Since their inception in 2000, The Millennium Development Goals have revolutionized the global aid business, using specific targets to help mobilize and guide development efforts. They have encouraged world leaders to tackle multiple dimensions of poverty simultaneously and provided a standard for judging performance. As their 2015 expiration looms, the time has come to bank those successes and focus on what comes next.
JOHN W. MCARTHUR is a Senior Fellow at the Fung Global Institute and the UN Foundation and a Nonresident Senior Fellow at the Brookings Institution. From 2002 to 2006, he was Manager and Deputy Director of the UN Millennium Project. Follow him on Twitter @mcarthur.
Pump it up: children in the Central African Republic, March 2010. (Marielle Van Uitert / Flickr)
For more than a decade, the Millennium Development Goals -- a set of time-bound targets agreed on by heads of state in 2000 -- have unified, galvanized, and expanded efforts to help the world's poorest people. The overarching vision of cutting the amount of extreme poverty worldwide in half by 2015, anchored in a series of specific goals, has drawn attention and resources to otherwise forgotten issues. The MDGs have mobilized government and business leaders to donate tens of billions of dollars to life-saving tools, such as antiretroviral drugs and modern mosquito nets. The goals have promoted cooperation among public, private, and nongovernmental organizations (NGOs), providing a common language and bringing together disparate actors. In his 2008 address to the UN General Assembly, the philanthropist Bill Gates called the goals "the best idea for focusing the world on fighting global poverty that I have ever seen."
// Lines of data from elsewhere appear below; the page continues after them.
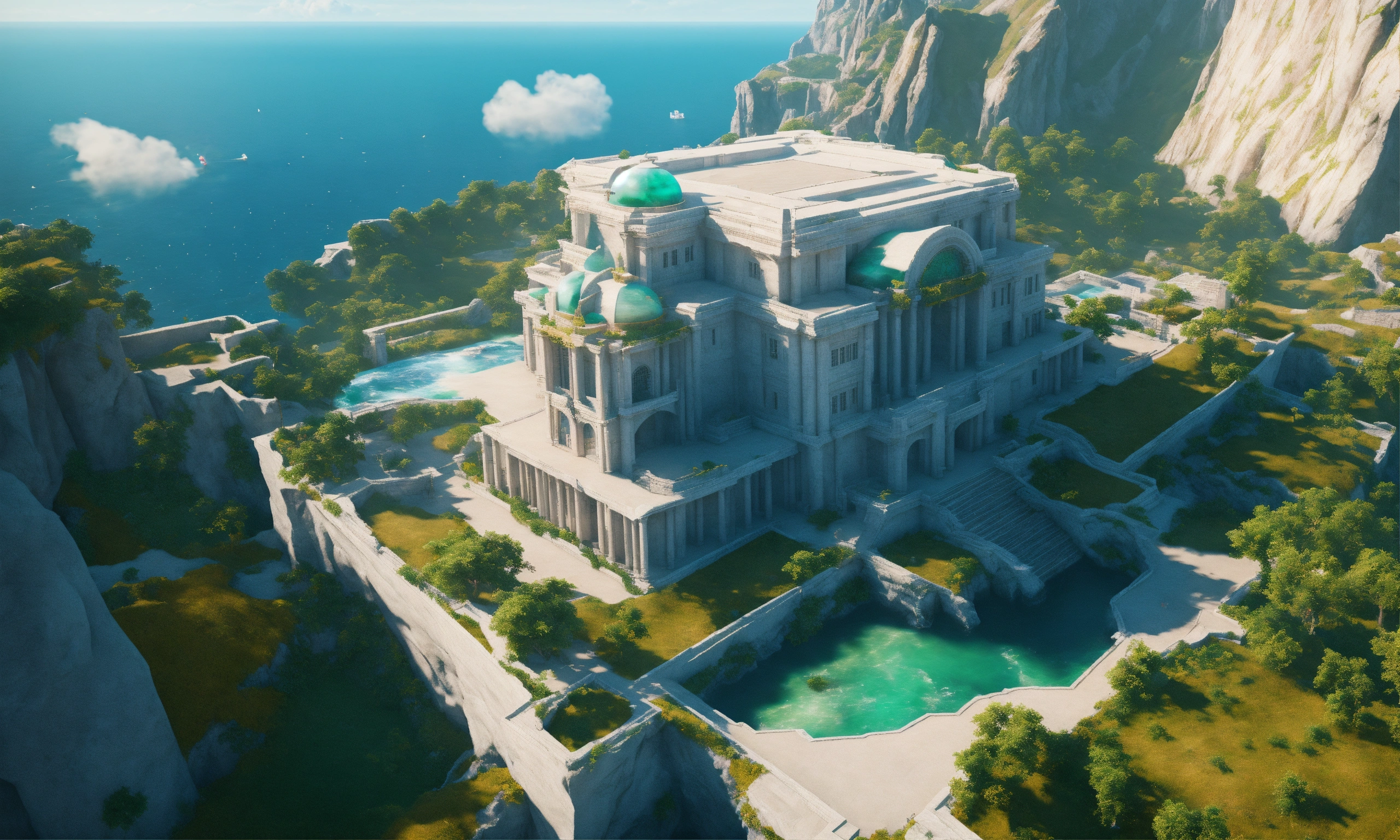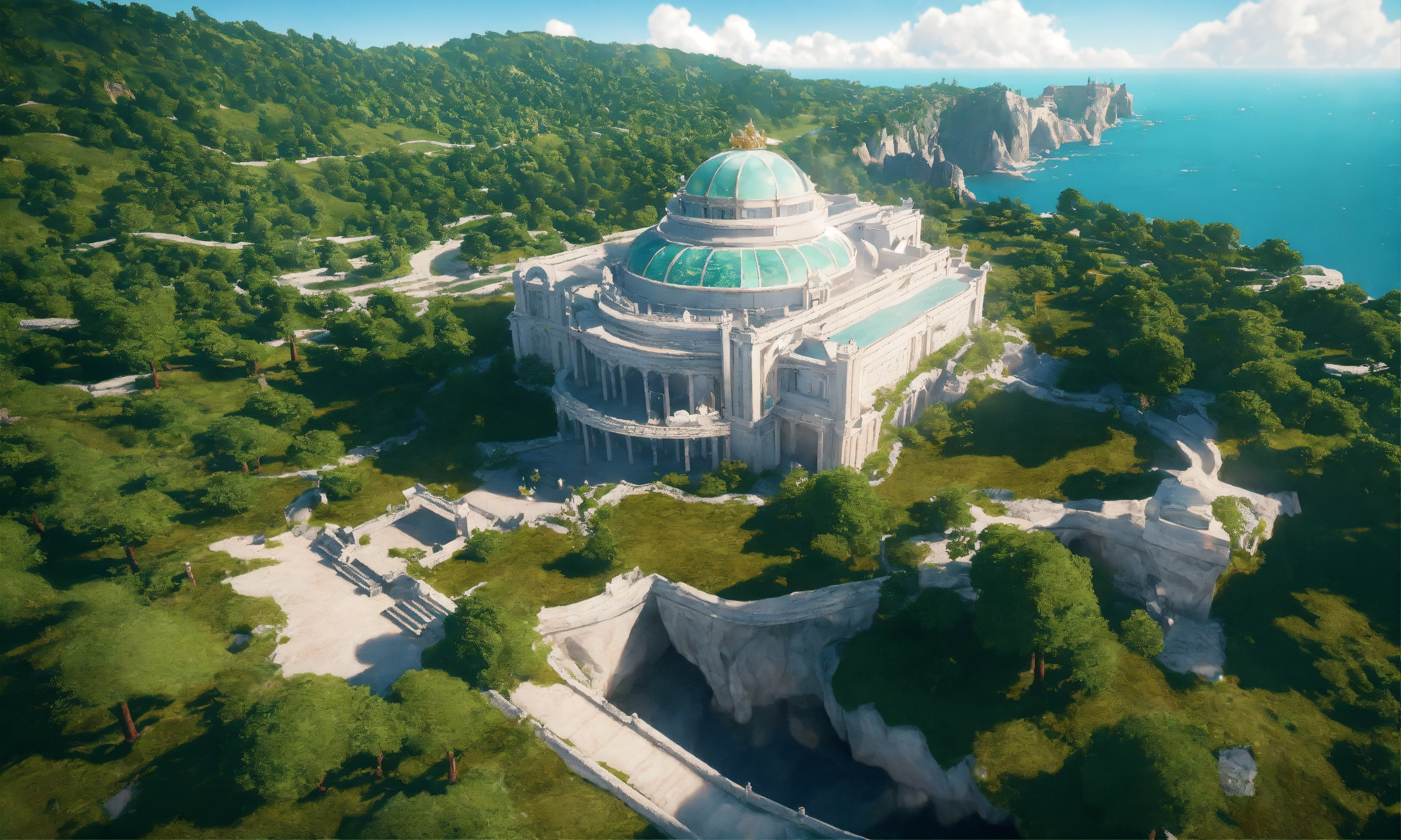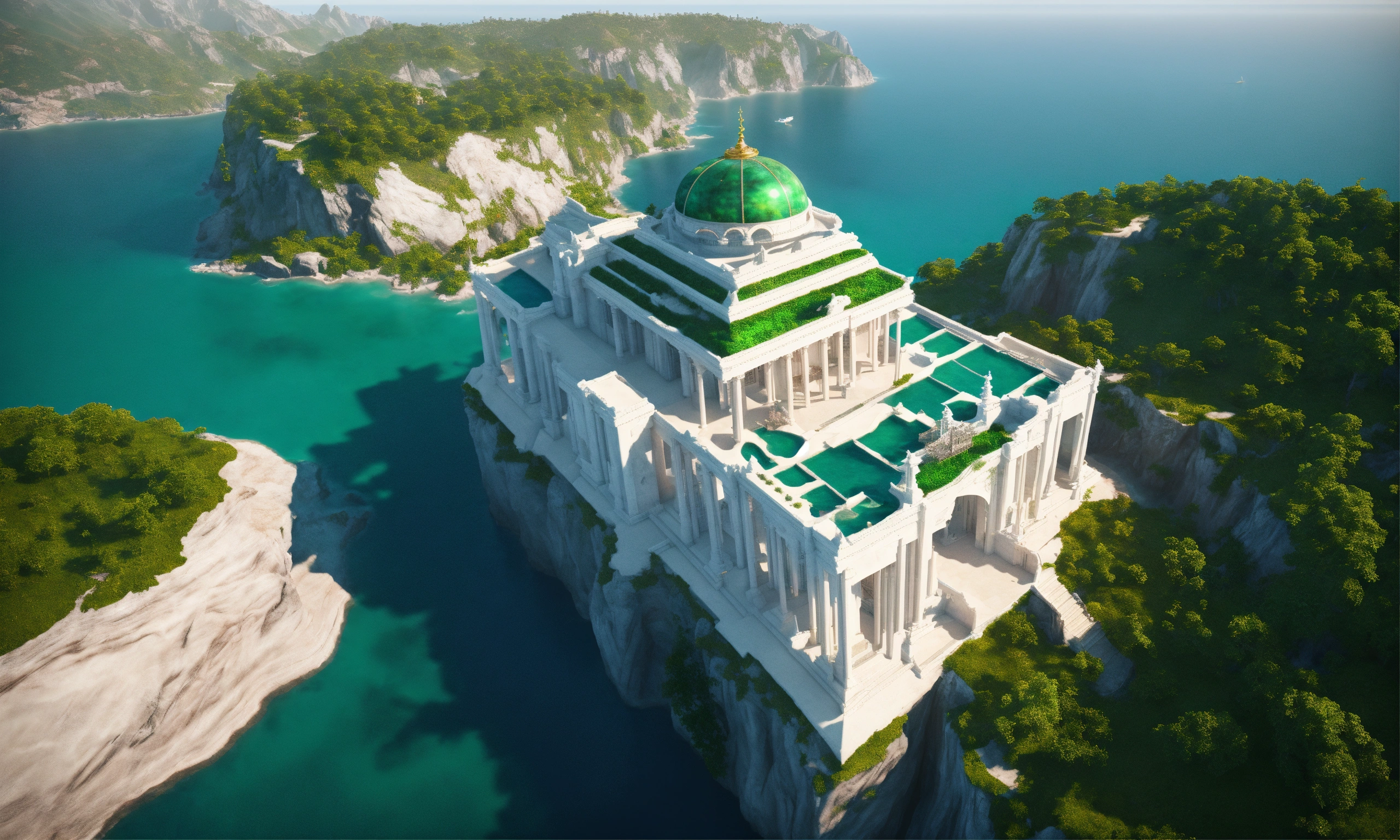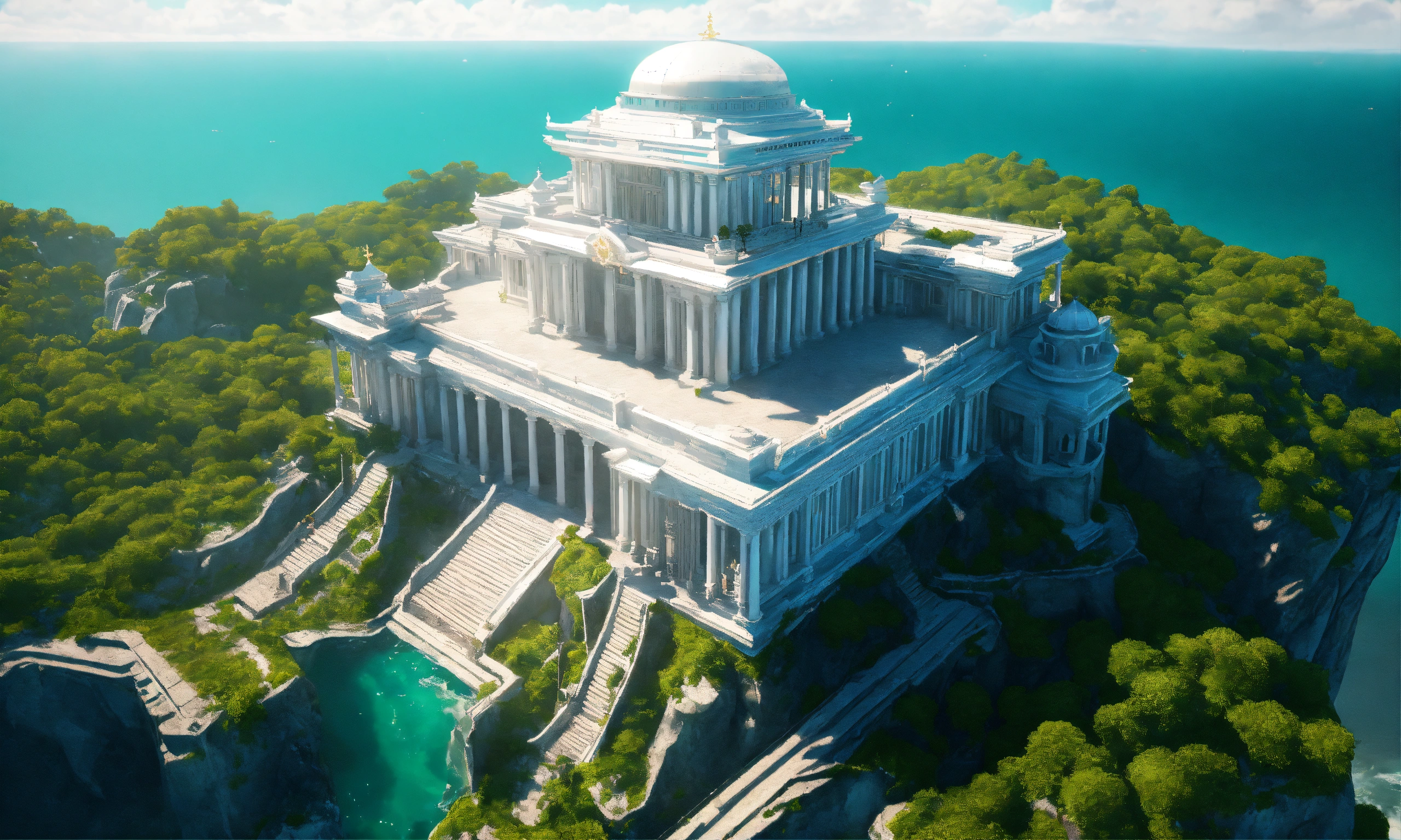Overhead view of a white marble and jade sci fi royal palace on a cliff overlooking a the ocean in summer, russian architecture, 8k, unreal engine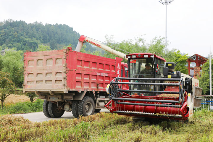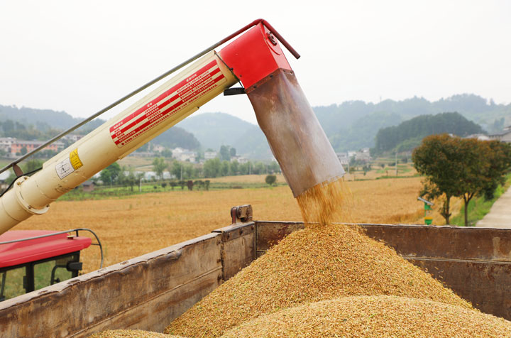 Wheat grains are loaded on a truck in Tongzi county, Zunyi city, southwest China's Guizhou Province. (Photo/Chen Guiliang)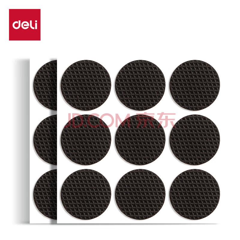 商品相册:得力(deli)胶带垫桌椅脚垫 EVA自粘防滑保护垫 多功能家居降噪耐磨防刮 圆形18片装(φ2.8cm*4mm) 30480第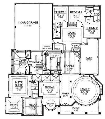 This luxury starter castle home plan has awesome room styles and special ceiling treatments. You'll appreciate the four bedrooms. Entry through the double front doors into the barrel vaulted foyer offers plenty of large decorative pillars that define the various rooms. The stunning circular family room has built ins, a warming fireplace, a round tray ceiling, and access to a side patio. The breakfast area flaunts a 12-ft. ceiling, a second fireplace, and patio access. Dividing the kitchen from the breakfast area is the breakfast bar with sink and dishwasher. A free-standing island adds plenty of granite counter space. The kitchen, pantry and bar/butlery are directly accessible to the dining room for ease in serving. A circular piano room with high windows allows sunlight to come streaming through. The master suite boasts a tray ceiling and a sitting area. The vaulted bath showcases his and hers vanities, a large garden tub and separate shower and a large wardrobe. A utility room is also accessible from the wardrobe. Behind the breakfast area is a game room, plus three family bedrooms with walk-in closets and full baths. For the alternate two-story version of this beautiful home plan, ask us about the Gray Hawk.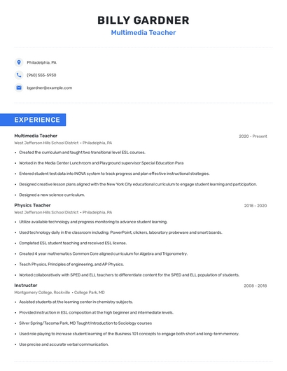 Build a professional multimedia teacher resume in minutes. Our AI resume writing assistant will guide you through every step of the process, and you can choose from 10+ resume templates to create your multimedia teacher resume.What skills help Multimedia Teachers find jobs?

The goals will expire on December 31, 2015, and the debate over what should come next is now in full swing. This year, a high-level UN panel, co-chaired by British Prime Minister David Cameron, Liberian President Ellen Johnson Sirleaf, and Indonesian President Susilo Bambang Yudhoyono, will put forward its recommendations for a new agenda. The United States and other members of the UN General Assembly will then consider these recommendations, with growing powers, such as Brazil, China, India, and Nigeria, undoubtedly playing a major role in forging any new agreement. But prior to deciding on a new framework, the world community must evaluate exactly what the MDG effort has achieved so far.
WORKING ON A DREAM
The MDGs are not a monolithic policy following a single trajectory. Ultimately, they are nothing more than goals, established by world leaders and subsequently reaffirmed on multiple occasions. The MDGs were not born with a plan, a budget, or a specific mapping out of responsibilities. Many think of the MDGs as the UN's goals, since the agreements were established at UN summits and UN officials have generally led the follow-up efforts for coordination and reporting. But the reality is much more complicated. No single individual or organization is responsible for achieving the MDGs. Instead, countless public, private, and nonprofit actors-working together and independently, in developed and developing countries -- have furthered the goals. Amid this complexity, the achievements toward reaching the MDGs are all the more impressive. The goals have brought the diffuse international development community closer together.
Before the MDGs were crafted, there was no common framework for promoting global development. After the Cold War ended, many rich countries cut their foreign aid budgets and turned their focus inward, on domestic priorities. In the United States, for example, the foreign aid budget hit an all-time low in 1997, at 0.09 percent of gross national income. Meanwhile, throughout the 1990s, institutions such as the World Bank and the International Monetary Fund (IMF) encouraged developed and developing countries to scale back spending on public programs-in the name of government efficiency-as a condition for receiving support.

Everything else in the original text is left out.